100辞書・辞典一括検索

JLogos

15

牛尾川
【うしおがわ】


大口市を流れる小河川。国見山脈の山腹に源を発し,南西に流れて北に鳶巣山,南に高熊山の間を縫い,下牛尾の水田を潤して羽月川に流入する。延長6km。上流域には全国的に有名であった牛尾金山がある。当河川流域の金鉱の小規模な採掘は明治27年からだが,本格的な採鉱は明治34年からで,日露戦争のころは日本一の金山と称された。

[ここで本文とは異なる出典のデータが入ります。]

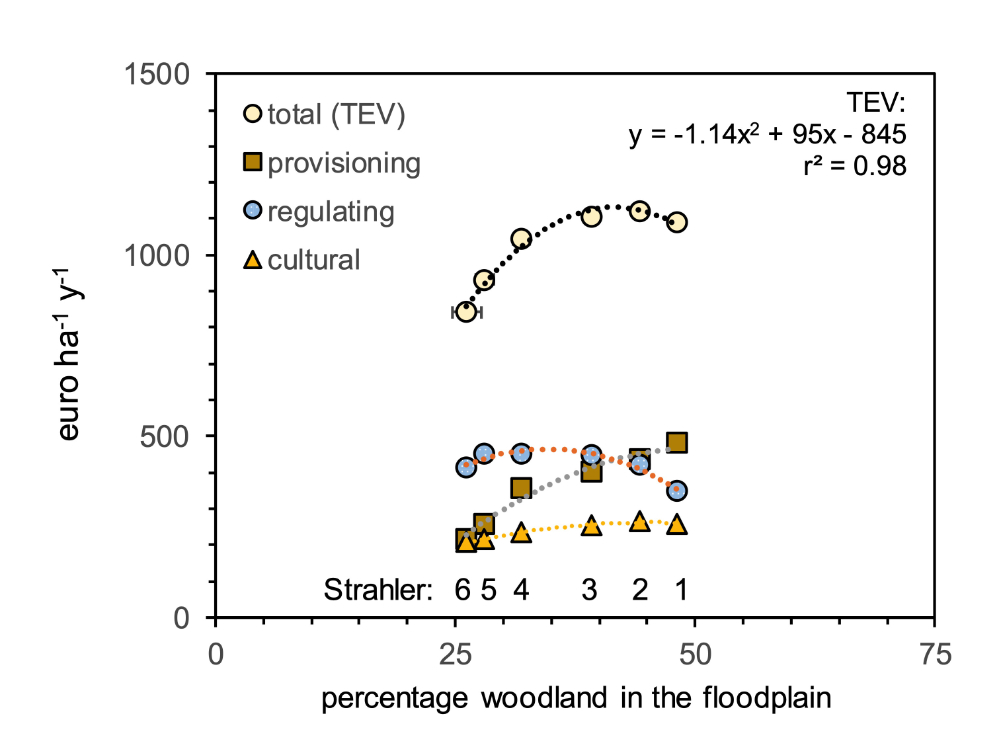 The three different categories of ecosystem services, provisioning, cultural and regulating, however, show different patterns (Fig. 3): provisioning services and cultural services were maximal around 45%, whereas this was around 30% for regulating services. Also, with increasing Strahler order, that is with increasing river size downstream the network, we see that provisioning services decrease (dominated by agriculture, dairy or crops), whereas regulating services (dominated by flood prevention) increase. Together, this apparent trade-off leads to an estimated maximal total economic value (TEV) around 40-50% woodland cover, for stream segments with Strahler order 2. It should be noted that the aggregate values averaged across the four catchments suggest that woodland cover varies between 25 and 50%, whereas the underlying individual segments range substantially wider in woodland cover: from close to zero to up to 100%. This is averaged out by the large number of segments analysed. Still, the four catchments on average have quite some riparian woodland, and that is a noteworthy result in itself.

その後製錬場が建設され,産金量月産100kg,従業員900名を数えることもあったが,何回かの中止再開の後,今は休業状態である。鉱毒による公害問題もしばしば起こっている。汚水による水田の被害は明治34年に始まり対策として鉱毒の沈殿堰をつくる一方,春村川の流水を導入する工事が竣工した。第2次大戦後,大型製錬所の再建操業で再び広範囲にわたる水稲被害が発生し,稲作農家の死活にかかわる問題となった。鉱業所側でも多額の被害補償を行う一方,具体策として導水管の布設・沈殿槽の設置などに取り組んできた。導水管は現在も牛尾川の流路沿いにそのままの姿で残る。